* DATA SHOWN

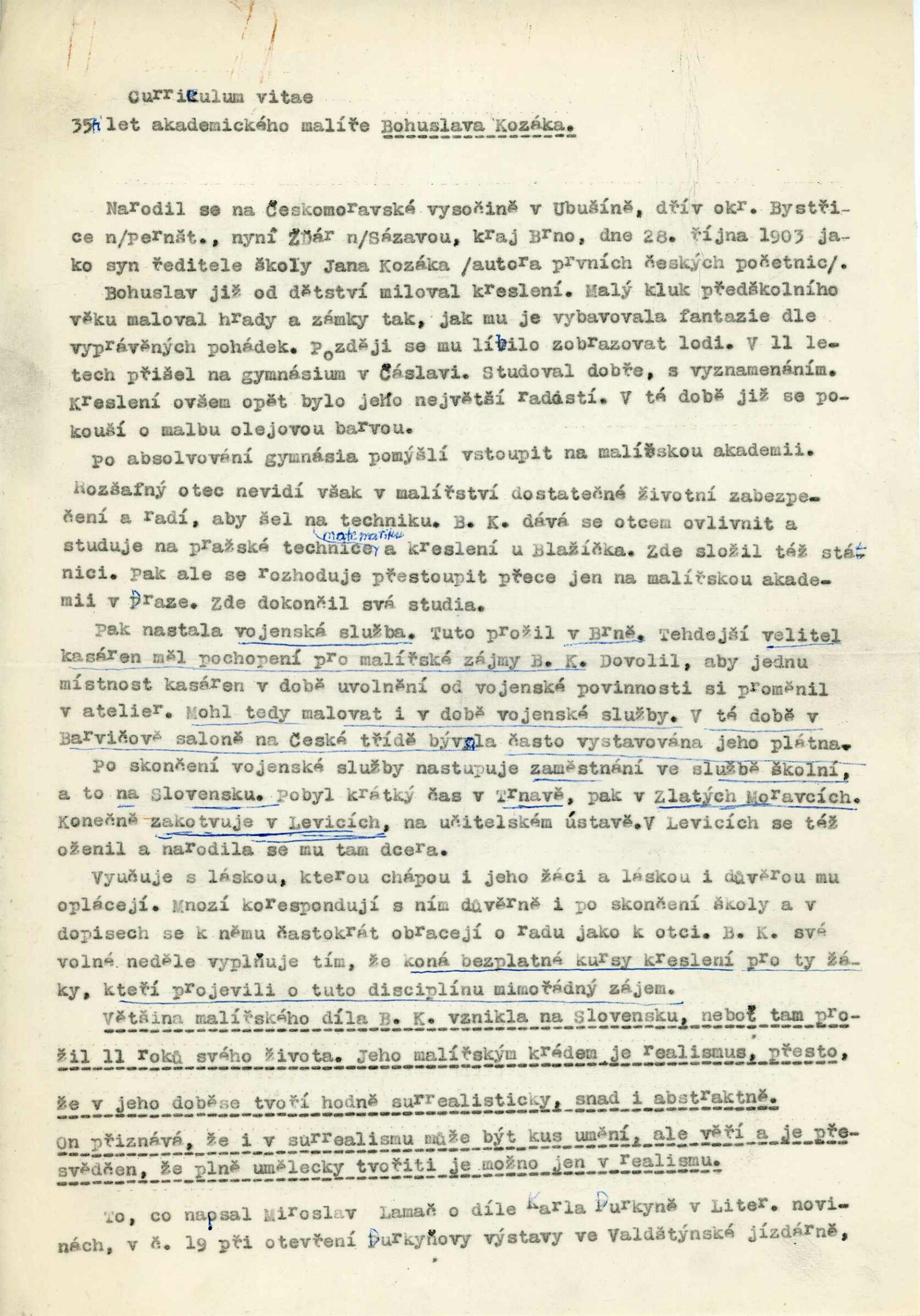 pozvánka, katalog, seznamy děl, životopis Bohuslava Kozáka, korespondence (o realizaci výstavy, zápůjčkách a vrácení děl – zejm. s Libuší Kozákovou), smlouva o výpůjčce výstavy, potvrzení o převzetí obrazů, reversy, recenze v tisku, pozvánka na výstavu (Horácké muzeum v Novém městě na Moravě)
--
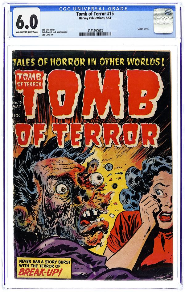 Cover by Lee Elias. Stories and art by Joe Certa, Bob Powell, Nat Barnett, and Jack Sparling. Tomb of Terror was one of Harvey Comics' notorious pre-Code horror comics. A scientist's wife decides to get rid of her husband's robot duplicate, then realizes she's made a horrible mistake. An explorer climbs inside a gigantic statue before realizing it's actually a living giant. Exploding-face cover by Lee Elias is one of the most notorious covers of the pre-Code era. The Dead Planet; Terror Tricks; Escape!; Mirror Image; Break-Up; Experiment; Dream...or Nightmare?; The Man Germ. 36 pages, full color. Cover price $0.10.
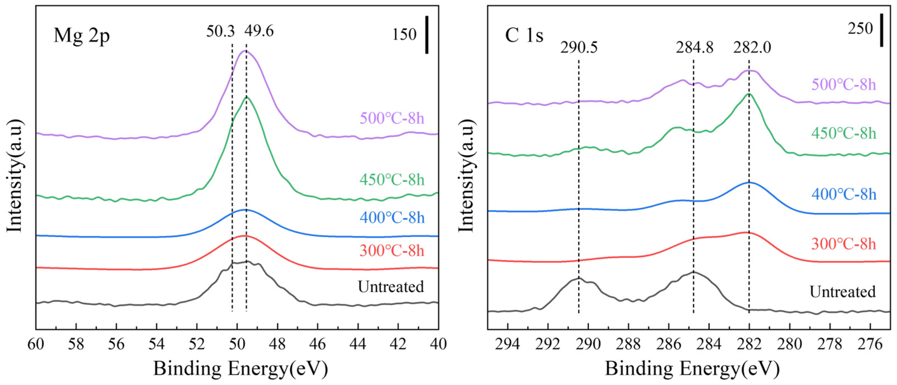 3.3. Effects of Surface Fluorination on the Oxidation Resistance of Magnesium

* REQUIRED ACTION
What are the lines above from the one with "Cover by Lee Elias." to the one with "3.3. Effects of", both included? Reproduce them exactly, without pictures.

* ANSWER TO THE PROBLEM
 Cover by Lee Elias. Stories and art by Joe Certa, Bob Powell, Nat Barnett, and Jack Sparling. Tomb of Terror was one of Harvey Comics' notorious pre-Code horror comics. A scientist's wife decides to get rid of her husband's robot duplicate, then realizes she's made a horrible mistake. An explorer climbs inside a gigantic statue before realizing it's actually a living giant. Exploding-face cover by Lee Elias is one of the most notorious covers of the pre-Code era. The Dead Planet; Terror Tricks; Escape!; Mirror Image; Break-Up; Experiment; Dream...or Nightmare?; The Man Germ. 36 pages, full color. Cover price $0.10.
 3.3. Effects of Surface Fluorination on the Oxidation Resistance of Magnesium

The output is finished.